Lance, for that was Steinbeck’s name, looked down at the dwarf and frowned.

“Why do you always talk in riddles, Wilma?” he asked.

Wilma, so called because his mother had wanted a girl, (she had also wanted a taller child, but could do nothing about that) objected and said that he sometimes used proverbs.

“I sometimes use proverbs,” he said.

Lance shrugged.

On the other side of the street, Marlowe Philips was racking his brains and wrecking his lungs with another of Beef Tea’s Iranian cigarettes.

“Anchovies on toast,” he said finally.

“No, thank you,” said Beef Tea wistfully.

Philips wondered whether he chose to be obtuse. It would not have been the first time.

“Spacey was eating anchovies on toast when they shot him. He must have been onto something.”

Beef Tea nodded and found a half-sucked boiled sweet in the corner of his handkerchief. He popped it into his mouth. The sun beat onto the back of his neck, as hot as a bison’s bollocks. Beef Tea wiped the sweat from his face with the sticky handkerchief and moved from one thin leg to another uneasily.

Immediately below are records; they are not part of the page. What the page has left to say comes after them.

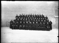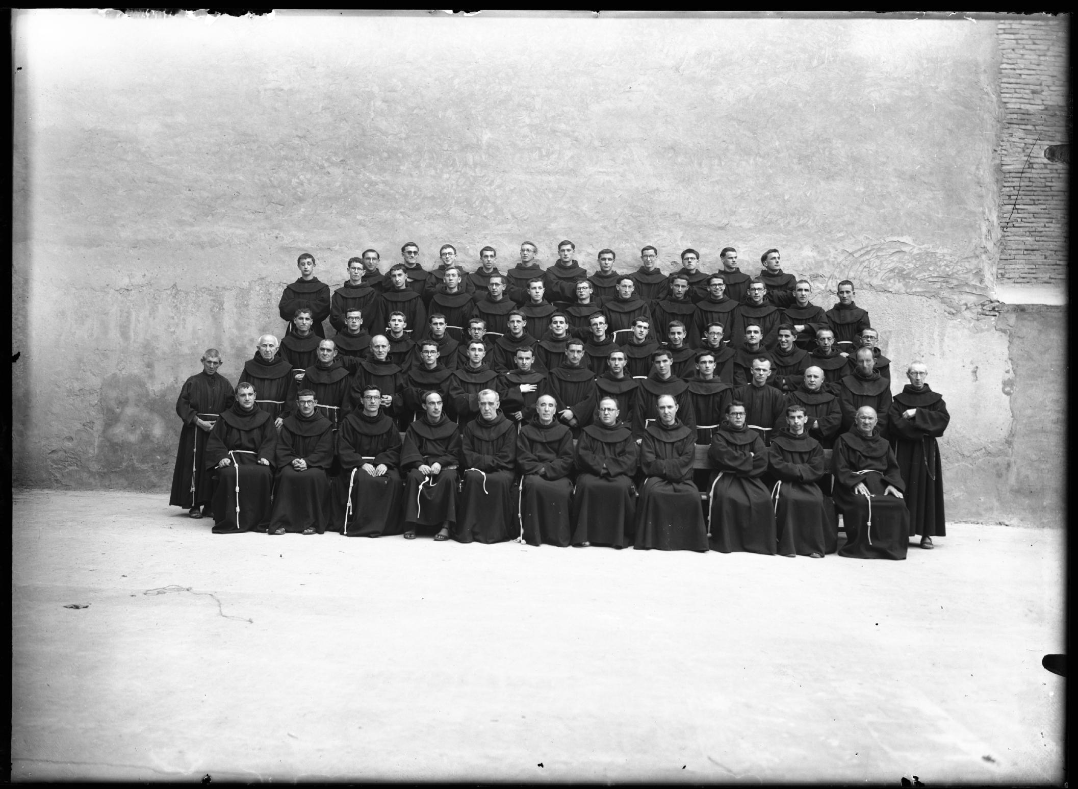 Retrato colectivo de una promoción de novicios del colegio-seminario de Teología del convento de Capuchinos Extramuros en Pamplona acompañados por algunos de sus profesores, todos ellos con hábito de la orden.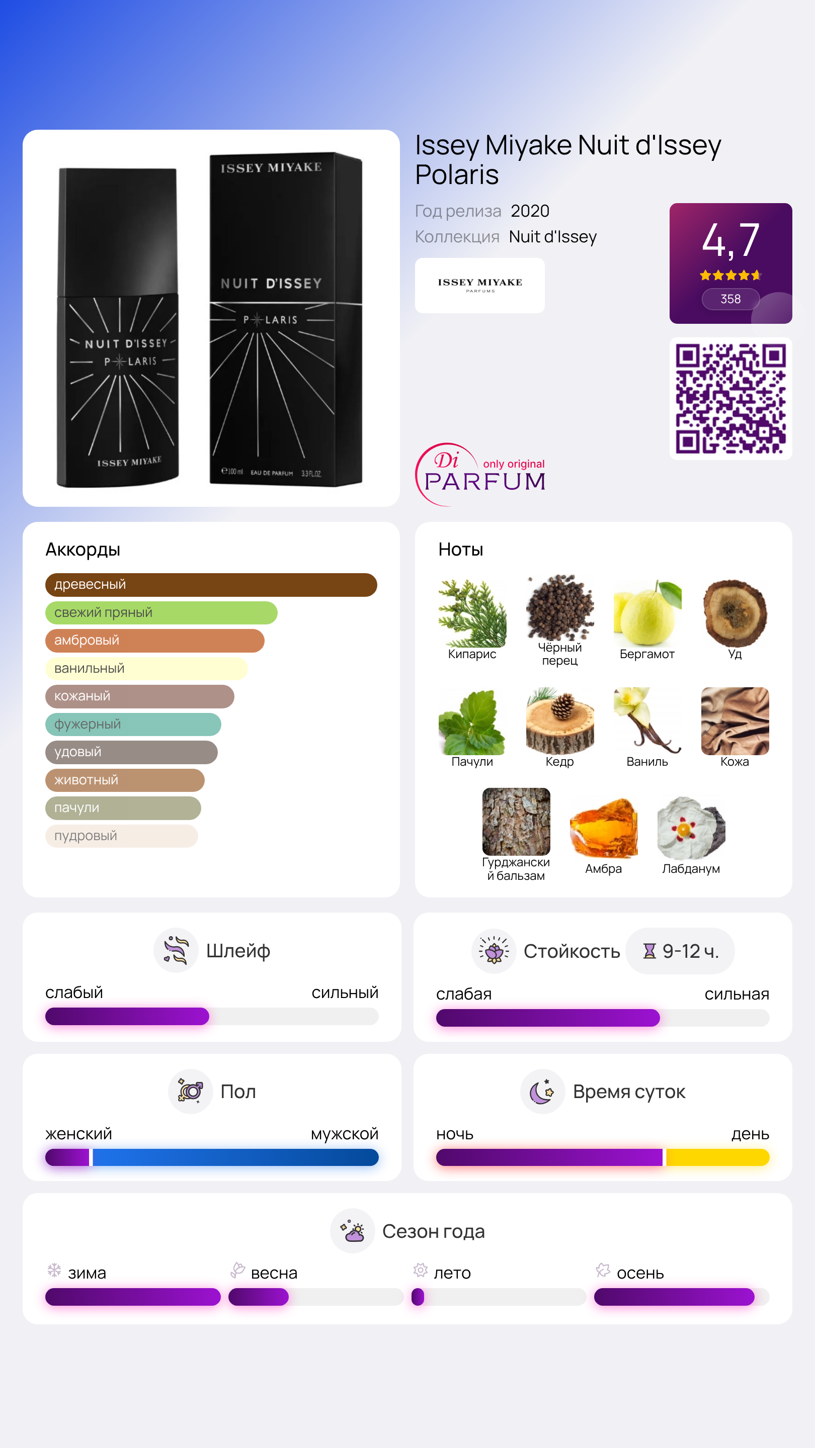 Nuit d'Issey Polaris — это выбор современных и уверенных в себе мужчин, которые стремятся выделиться и оставить след в памяти окружающих. Позвольте себе погрузиться в этот волшебный восточно-древесный мир.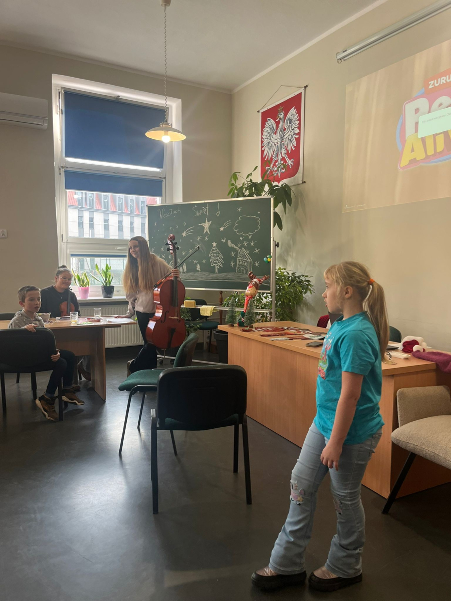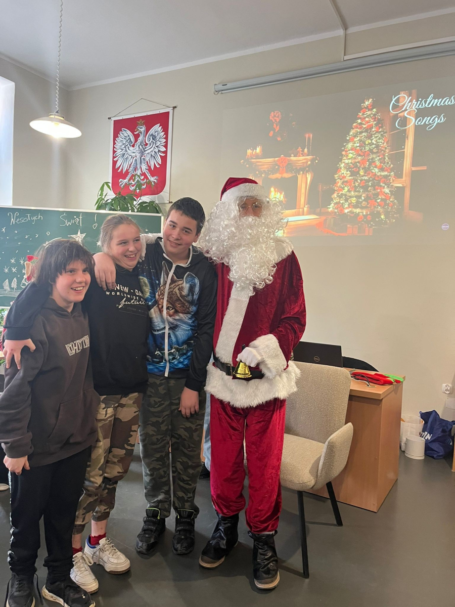 Na uczestników czekał słodki poczęstunek oraz wspólne sensoryczne warsztaty świąteczne. Czas umilał nam występ naszych uczennic grających kolędy na skrzypcach i wiolonczeli, wspólne kolędowanie oraz udział w szkolnych jasełkach. Na zakończenie Mikołaj wręczył prezenty, a wszyscy uczniowie opuścili spotkanie z uśmiechami i w świątecznym nastroju.

“Sean Chivo,” said Philips. “The Irish Romanian. An anagram of anchovies.”

“Stoat,” suggested Beef Tea after a moment’s pause. “An anagram of toast.” And this time he dared to whistle.

“No,” said Philips. “Toast is just toast.”

Beef Tea was disappointed but was determined not to sulk.

“Paddy the Romanian,” said Beef Tea then. In the absence of any response from Marlowe Philips, Beef Tea began to hum a folk song from the Upper Volga[2] under his breath, but before he got to the chorus Philips cut him off.

“We’ve got to find out what Spacey knew. Then we’ll know why he was killed.”

Wilma and Lance watched as the bus drew up, stopped and pulled away again. Marlowe Philips and Beef Tea were still standing at the bus-stop.

“Clever,” said Lance in appreciation.

Wilma had packed his stool onto his back and was already strutting off through the park that gave onto the main road. Lance turned away from Philips and Beef Tea and followed him, stopping only to buy an apricot sundae from a left-handed travelling salesman on a bike.

Before it got to the next corner the bus exploded in a pungent ball of smoke and flame.


[1] “In spite of his insistent observations about the door,/intensely red on the blind façade, we knew/he had omitted the main thing. Opposite,/on the small hill, the man from the village came out to feed his horse,/he put down his bundle of straw and sat on the stone/looking quietly and a little sadly at the animal’s balls.”  (The Main Thing – Yannis Ritsos)


[2] It is possible that Beef Tea was in fact humming the lesser known tune: ЗИМНЯЯ НОЧЪ (Winter Night): words by Boris Pasternak.